## What to work on
Set down the listing exactly as given, minus images.

[[ Data below, beginning ]]

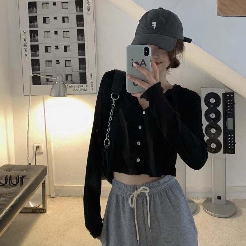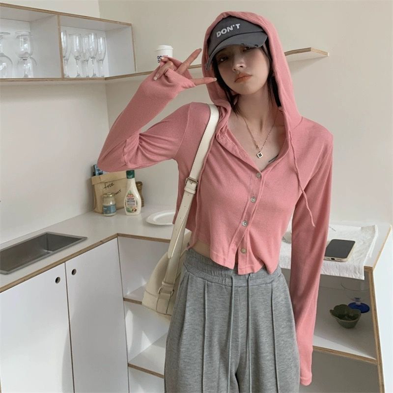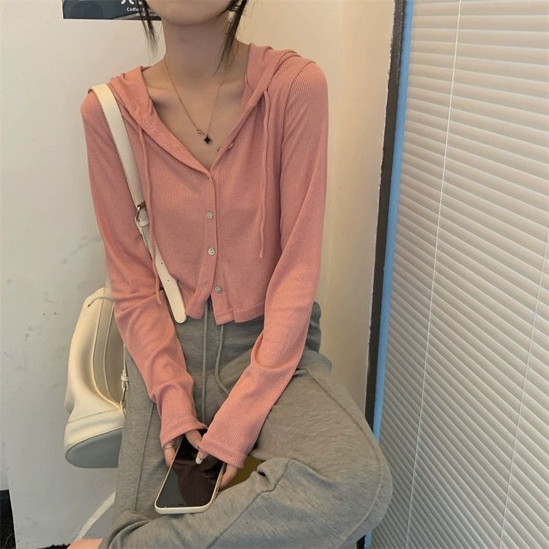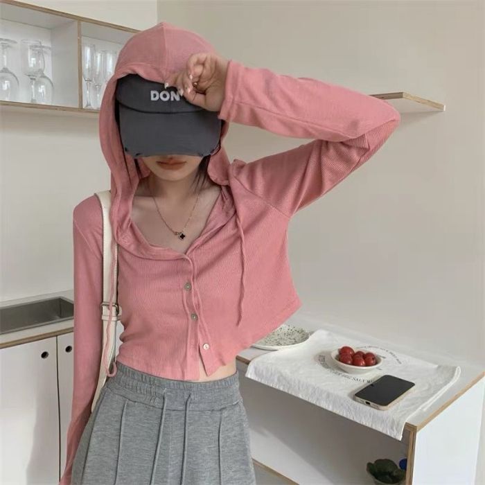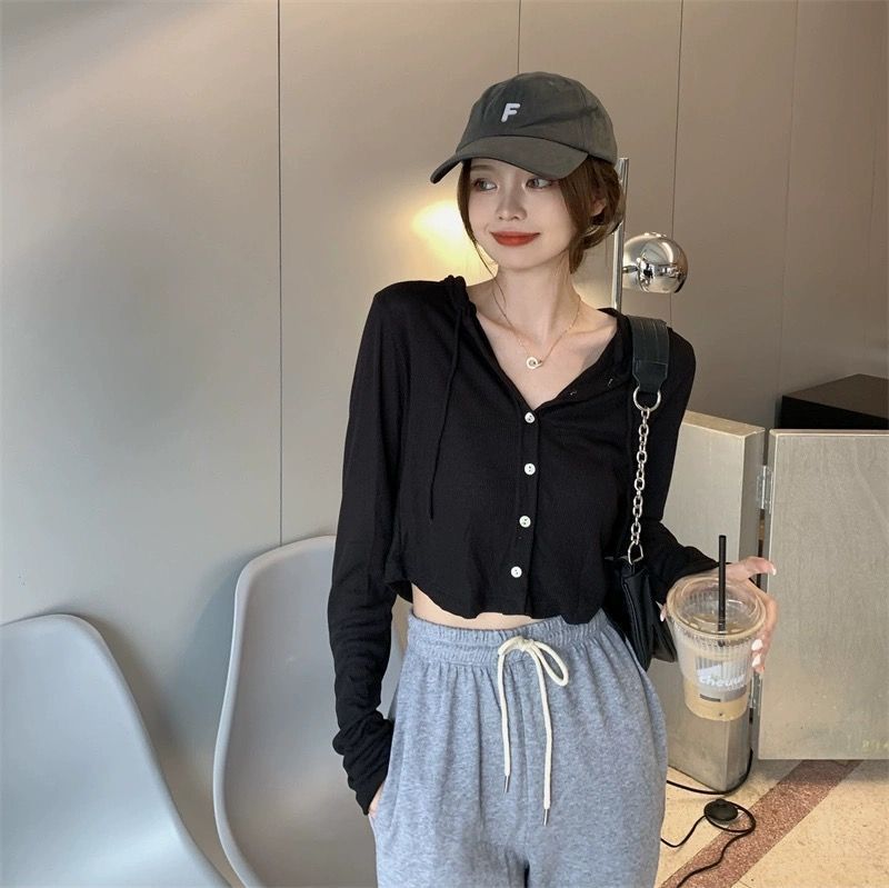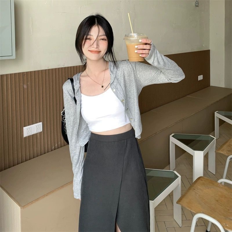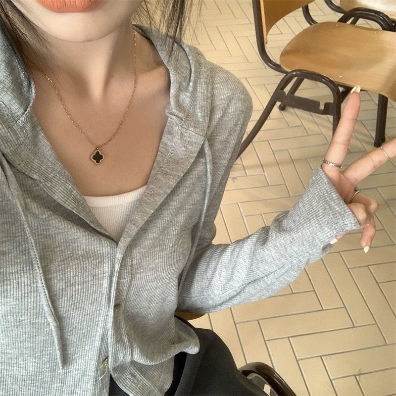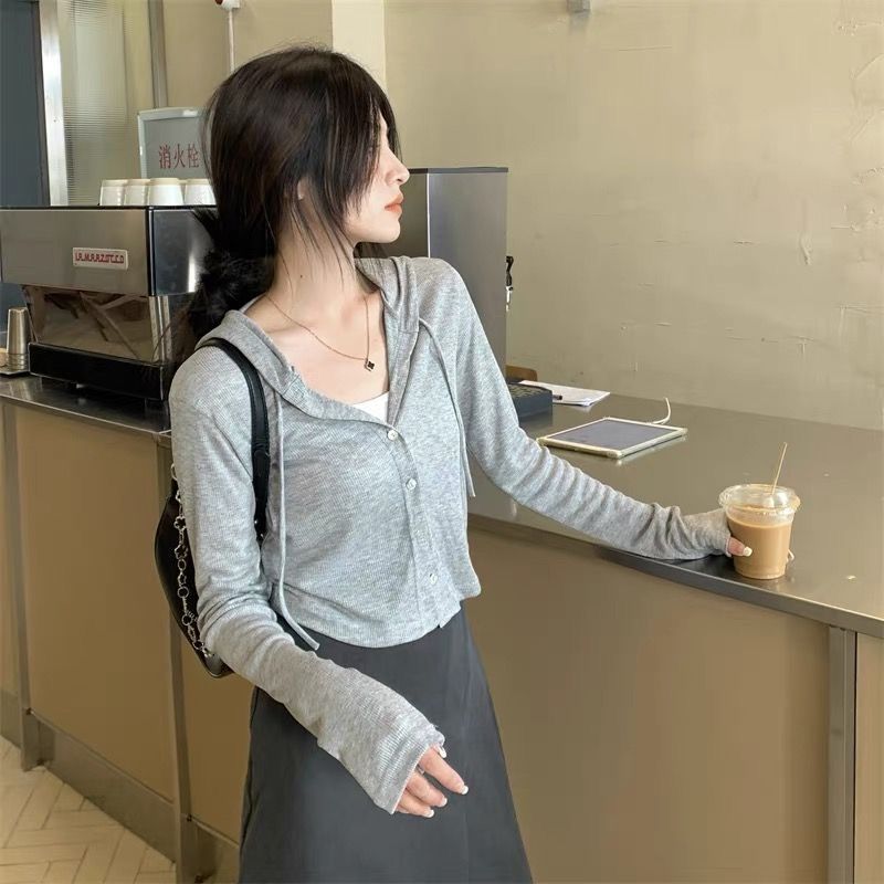 灰色防晒开衫女夏2025新款小个子修身连帽外套长袖短款上衣打底衫
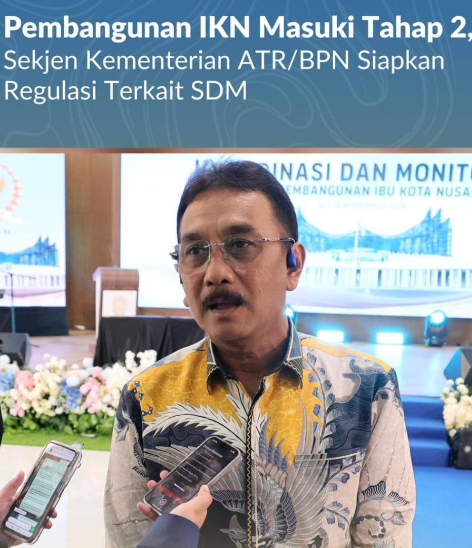 IKN, Jurnal Minang. Sekretaris Jenderal (Sekjen) Kementerian Agraria dan Tata Ruang/Badan Pertanahan Nasional (ATR/BPN), Dalu Agung Darmawan, mengikuti Rapat Koordinasi dan Monitoring Capaian Pembangunan Tahap 1 dan 2 IKN, di Kantor Kemenko 3, IKN, Selasa (11/11/2025). Pada kesempatan tersebut, ia menyatakan bahwa Kementerian ATR/BPN siap mendukung progres pembangunan IKN dari sisi tata kelola pemerintahan serta aspek kelembagaan.
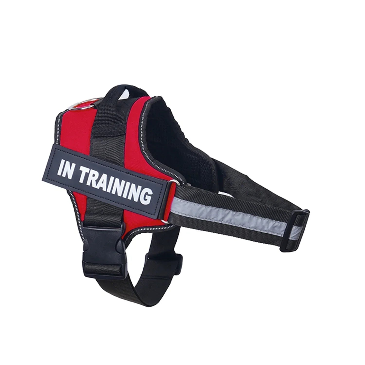 The harness features a robust handle for easy control and a secure D-ring for leash attachment. Perfect for crowded places and outdoor adventures.
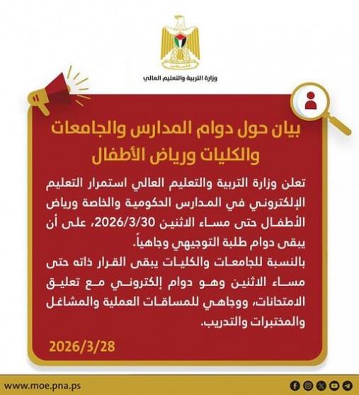 أعلنت وزارة التربية والتعليم العالي اليوم السبت، عن استمرار التعليم الإلكتروني في المدارس الحكومية والخاصة ورياض الأطفال حتى مساء الاثنين 2026/3/30، على أن يبقى دوام طلبة التوجيهي وجاهياً.

[[ Data below, end ]]

## Solution to this task
 灰色防晒开衫女夏2025新款小个子修身连帽外套长袖短款上衣打底衫
 IKN, Jurnal Minang. Sekretaris Jenderal (Sekjen) Kementerian Agraria dan Tata Ruang/Badan Pertanahan Nasional (ATR/BPN), Dalu Agung Darmawan, mengikuti Rapat Koordinasi dan Monitoring Capaian Pembangunan Tahap 1 dan 2 IKN, di Kantor Kemenko 3, IKN, Selasa (11/11/2025). Pada kesempatan tersebut, ia menyatakan bahwa Kementerian ATR/BPN siap mendukung progres pembangunan IKN dari sisi tata kelola pemerintahan serta aspek kelembagaan.
 The harness features a robust handle for easy control and a secure D-ring for leash attachment. Perfect for crowded places and outdoor adventures.
 أعلنت وزارة التربية والتعليم العالي اليوم السبت، عن استمرار التعليم الإلكتروني في المدارس الحكومية والخاصة ورياض الأطفال حتى مساء الاثنين 2026/3/30، على أن يبقى دوام طلبة التوجيهي وجاهياً.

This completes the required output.